Personal loans are taken for multiple purposes; these are unsecured loans and are offered by financial institutions at high rates. Defaulting on any loan can impact the credit rating negatively. Any loan default involves paying late/missed payment charges and interest on the overdue amount as well. Below we look at the common causes of default on personal loans:
Personal loans are taken for miscellaneous purposes and unlike in the case of an auto or home loan there is no LTV ratio. The applicant can apply for a loan amount as per his/her choice and requirement and lenders sanction a loan based on the income levels of the applicant along with a few other factors. Lenders check debt to income ratio, credit reports and income statements before accepting the loan application. However there might be times when the borrower may still manage to borrow more than he/she can afford to repay as EMIs. Borrower may find it difficult to pay the installments due to a rise in expenditure or fall in income, whether expected or unexpected. Before applying for a loan assess your future inflow and outflow so that you borrow only the amount for which you are able to repay the EMIs.
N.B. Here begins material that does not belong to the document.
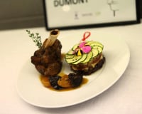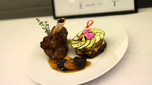 Souris d'agneau cuite en cocotte avec miel, abricots, pruneaux et divers épices, piéce montée de légumes et fruits aux 4 saveurs (sucrée, acidulée, salée, crémeux)

Another common cause for default is lack of planning. If you have taken a loan or loans then you know what your EMI burden would be for each month so you must ensure that you manage your finances in such a way that the EMIs are not missed. Make sure that the basic payments and the installments are paid before you make any non-necessary or discretionary expenditure. In case at some point of time you feel that you will not be able to service a loan then it is better to get in touch with the lender. The lender may restructure the loan so that you find it easier to service the loan due to a bigger tenure and lower EMIs.
There might be times when a borrower defaults because of being irresponsible and forgetful. Lenders check the CIR before accepting a loan application, if there have been cases of default in the past then getting a personal loan for CIBIL defaulters will be difficult. However if there were no defaults in the past or one does manage to get a loan despite defaults then it is important that there are no further defaults. Defaults may happen if the borrower forgets to pay the dues on time or does not fund the account in time for the EMI to be deducted due to sheer negligence.
Defaults may also happen because the borrower has no intention of repaying the amount he/she has borrowed. Here it's not the inability of the borrower to repay the dues or forgetfulness that is the cause of default but the borrower has no desire of repaying the dues. Personal default cases hit the lenders the hardest as there is no asset as in the case of a home loan or auto loan which can be repossessed to recover the amount. Keeping this risk in mind personal loans are sanctioned at higher interest rates. It is important to mention here that any default whether willful or otherwise is reported to the credit rating agencies and impacts the credit rating of the individual thereby making it difficult to get a loan and in some cases even a job in the future.
Irrespective of the type of loan or one must always ensure that they borrow responsibly and follow the basic tenets of staying credit healthy. Going through your credit report once in a while keeps you updated about your credit health.